One thing that prig rockers know how to do is score a horror, sci-fi or just plain trippy movie.

From Pink Floyd (More, Osbscured By Clouds, etc.) to Rick Wakeman (The Burning, about 100 more), from Tangerine Dream (Sorcerer, Legend, etc.) to Peter Gabriel (Birdy, Last Temptation Of Christ), prog rockers have been tickling the synths for movies for a long time.

Here are just two.

One represents some great music that stands alone and the other is a great movie that is made even better by some great music.

SUSPIRIA (1977)
Directed by Dario Argento
Written by Dario Argento/Daria Nicolodi
Music by Goblin

Argento and Goblin go way back.

All the way back to what was basically their second album in 1976. Their first one in 1975 was put out under the name Cherry Five.

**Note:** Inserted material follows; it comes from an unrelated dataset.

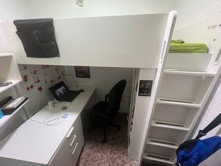 Mueble multifunción tipo litera con escritorio abatible, ideal para habitaciones juveniles o espacios pequeños. La cama es de 90 cm, situada en la parte superior, con escalera metálica resistente. En la parte inferior tiene un escritorio amplio y una cajonera lateral con varios cajones, perfecta para estudiar o teletrabajar. Estructura sólida y en buen estado (no se ha usado nunca de manera regular puesto que se trata de una habitación de invitados). Incluye el colchón. Importante: El mueble se vende tal cual está y debe venir a recogerse (no hago envíos). Se recomienda venir con ayuda para desmontaje y transporte.

It was a proggy affair with vocals that went nowhere but Dario Argento’s ear. (I’ve heard it. It’s ok. Kind of an Italian Deep Purple, but even proggier.)  Argento heard something in the album and asked the band to re-score his movie Profondo Rosso (aka, Deep Red). The band changed their name to Goblin and a collaboration was born.

Goblin has put out stand-alone albums along the way, but most of them have been soundtracks…and most of those have been for Argento movies.

Goblin and Argento hit their stride just a year later with Suspiria. Even without the super-creepy visuals of the film, the soundtrack brings to mind witches and murder.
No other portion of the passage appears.